The power of a pure organization scheme derives from its ability to suggest a simple mental model for users to quickly understand. Users easily recognize an audience-specific or topical organization. However, when you start blending elements of multiple schemes, confusion is almost guaranteed. Consider the example of a hybrid scheme in Figure 3.8. This hybrid scheme includes elements of audience-specific, topical, metaphor-based, and task-oriented organization schemes. Because they are all mixed together, we can't form a mental model. Instead, we need to skim through each menu item to find the option we're looking for.
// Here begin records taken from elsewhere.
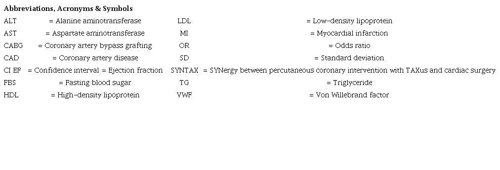 Conclusion: In patients undergoing coronary surgery, the SYNTAX score was found to be significantly lower in blood groups O and B. However, regarding mortality, both blood groups A and B carried a higher risk of death when compared to group O.
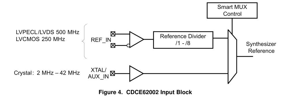 这个好像不可以,cdce62002输入的2M时钟是通过晶振提供的,我要输入的是2M的数字信号,并从输入信号中提取发送端时钟,如果能把这个时钟倍频更好。
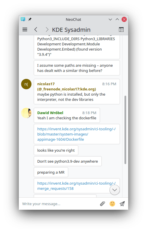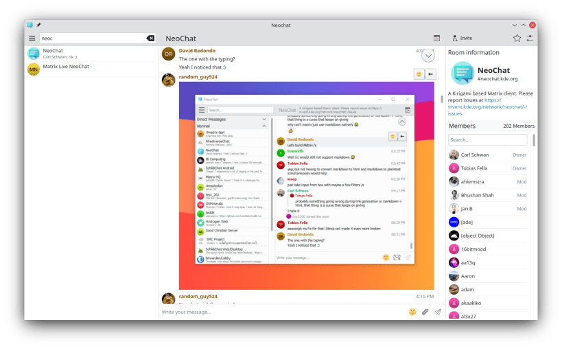 NeoChat is a chat app that lets you take full advantage of the Matrix network. It provides you with a secure way to send text messages, videos and audio files to your family, colleagues and friends.
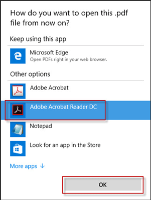 第 2 步:在标题为“你想如何打开这个文件',选择一个程序,例如Adobe Acrobat 阅读器打开 PDF 文件,然后勾选“”旁边的复选框始终使用此应用程序打开 .pdf 文件” 将所选程序设置为默认 PDF 查看器,然后单击好的。
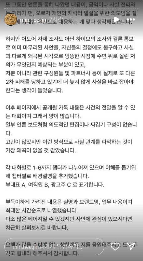 또 "점점더 본질과 멀어지는 괴상한 싸움으로 변질되는 것이 기이합니다. 하이브와 일부 매체들은 인권에 대한 개념을 상기하시고 상식으로 돌아가 유례없는 개인에 대한 무분별하고 무자비한 비방을 멈추기 바랍니다. 최소한의 양심도 없이 불법 유출 자료를 편집해 이용하는, 수준 이하의 이간질을 비롯해 더이상의 비상식적인 공격에 대응할 여력도 마음도 없습니다만 제가 포기가 안되는 이유는 이런 일은 누구도 당해서는 안되는 일이기 때문입니다"라고 전했다.

Figure 3.8. A hybrid organization scheme

Examples of hybrid schemes are common on the Web. This happens because it is often difficult to agree upon any one scheme to present on the main page, so people throw the elements of multiple schemes together in a confusing mix. There is a better alternative. In cases where multiple schemes must be presented on one page, you should communicate to designers the importance of retaining the integrity of each scheme. As long as the schemes are presented separately on the page, they will retain the powerful ability to suggest a mental model for users (see Figure 3.9 for an example).

Figure 3.9. Notice that the audience-oriented scheme (contributors, exhibitors, media) has been presented as a pure organization scheme, separate from the others on this page. This approach allows you to present multiple organization schemes on the same page without causing confusion.

2. Organization Structures

Organization structure plays an intangible yet very important role in the design of web sites. While we interact with organization structures every day, we rarely think about them. Movies are linear in their physical structure. We experience them frame by frame from beginning to end. However, the plots themselves may be non-linear, employing flashbacks and parallel subplots. Maps have a spatial structure. Items are placed according to physical proximity, although the most useful maps cheat, sacrificing accuracy for clarity.

The structure of information defines the primary ways in which users can navigate. Major organization structures that apply to web site and intranet architectures include the hierarchy, the database-oriented model, and hypertext. Each organization structure possesses unique strengths and weaknesses. In some cases, it makes sense to use one or the other. In many cases, it makes sense to use all three in a complementary manner.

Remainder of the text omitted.